- **Try it**: In the data below, set down exactly the lines from the one containing "1 stk. 60 x" up to and including the one containing "Veleznámý představitel vídeňské". Leave the pictures out.

- **Data for this task**:
● ● ● ● ● ● ●
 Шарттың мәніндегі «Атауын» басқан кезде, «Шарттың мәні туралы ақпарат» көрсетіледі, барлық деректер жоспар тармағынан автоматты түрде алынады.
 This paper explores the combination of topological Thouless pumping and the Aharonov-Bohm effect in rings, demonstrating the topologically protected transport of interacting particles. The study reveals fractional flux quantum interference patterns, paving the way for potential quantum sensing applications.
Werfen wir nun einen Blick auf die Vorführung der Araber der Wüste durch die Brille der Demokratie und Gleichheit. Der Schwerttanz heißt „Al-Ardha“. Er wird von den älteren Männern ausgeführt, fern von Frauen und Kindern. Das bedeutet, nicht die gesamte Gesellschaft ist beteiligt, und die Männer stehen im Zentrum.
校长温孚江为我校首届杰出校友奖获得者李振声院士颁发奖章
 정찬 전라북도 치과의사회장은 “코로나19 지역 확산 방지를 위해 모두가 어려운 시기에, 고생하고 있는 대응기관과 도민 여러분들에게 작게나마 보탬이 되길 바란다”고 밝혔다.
● ● ● ● ● ● ●
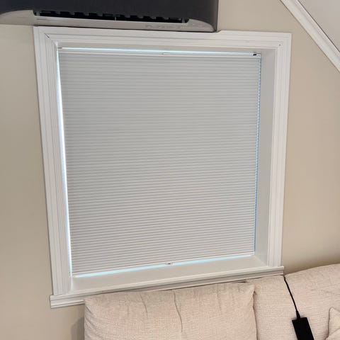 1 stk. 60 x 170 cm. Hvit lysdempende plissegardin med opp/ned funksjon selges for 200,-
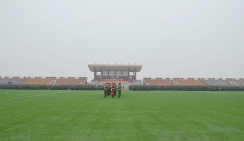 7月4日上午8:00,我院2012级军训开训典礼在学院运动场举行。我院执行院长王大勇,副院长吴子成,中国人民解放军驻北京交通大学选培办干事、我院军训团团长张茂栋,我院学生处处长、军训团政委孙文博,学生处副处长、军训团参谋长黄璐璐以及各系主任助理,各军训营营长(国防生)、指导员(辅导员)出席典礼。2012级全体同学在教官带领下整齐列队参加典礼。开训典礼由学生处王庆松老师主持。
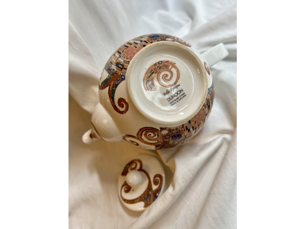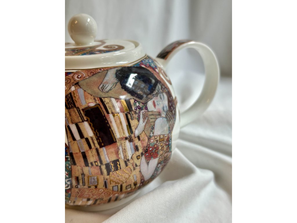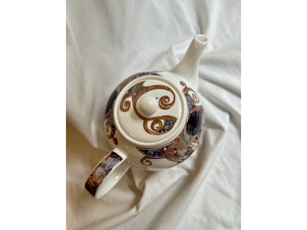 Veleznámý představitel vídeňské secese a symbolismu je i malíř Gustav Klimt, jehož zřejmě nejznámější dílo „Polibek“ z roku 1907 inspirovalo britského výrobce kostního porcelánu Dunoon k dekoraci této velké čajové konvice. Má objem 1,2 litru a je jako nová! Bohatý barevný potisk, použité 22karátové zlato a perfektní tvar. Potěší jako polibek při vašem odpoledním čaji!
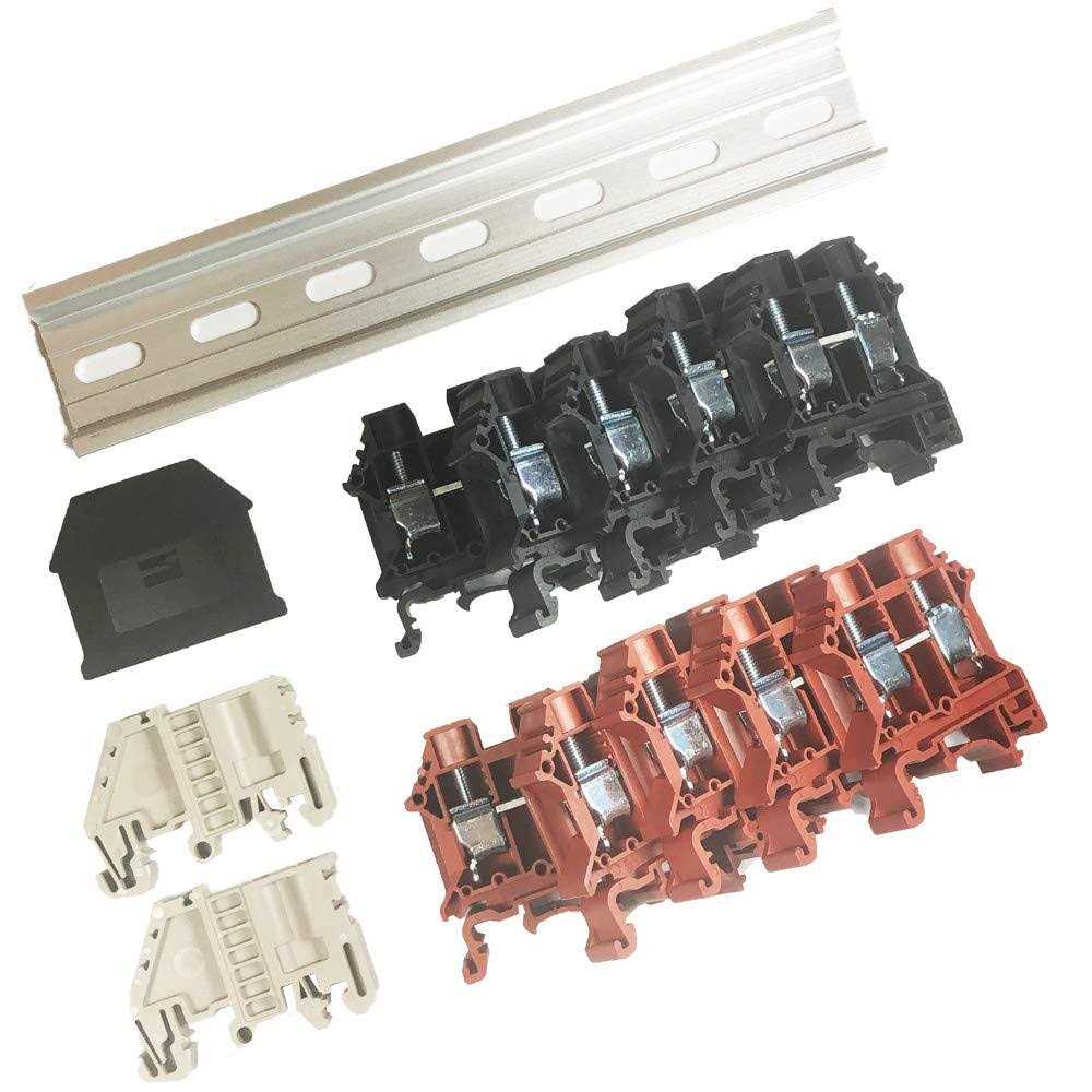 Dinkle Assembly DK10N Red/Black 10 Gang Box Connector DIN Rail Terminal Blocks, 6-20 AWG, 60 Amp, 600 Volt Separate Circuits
● ● ● ● ● ● ●
- **Output below**:
 1 stk. 60 x 170 cm. Hvit lysdempende plissegardin med opp/ned funksjon selges for 200,-
 7月4日上午8:00,我院2012级军训开训典礼在学院运动场举行。我院执行院长王大勇,副院长吴子成,中国人民解放军驻北京交通大学选培办干事、我院军训团团长张茂栋,我院学生处处长、军训团政委孙文博,学生处副处长、军训团参谋长黄璐璐以及各系主任助理,各军训营营长(国防生)、指导员(辅导员)出席典礼。2012级全体同学在教官带领下整齐列队参加典礼。开训典礼由学生处王庆松老师主持。
 Veleznámý představitel vídeňské secese a symbolismu je i malíř Gustav Klimt, jehož zřejmě nejznámější dílo „Polibek“ z roku 1907 inspirovalo britského výrobce kostního porcelánu Dunoon k dekoraci této velké čajové konvice. Má objem 1,2 litru a je jako nová! Bohatý barevný potisk, použité 22karátové zlato a perfektní tvar. Potěší jako polibek při vašem odpoledním čaji!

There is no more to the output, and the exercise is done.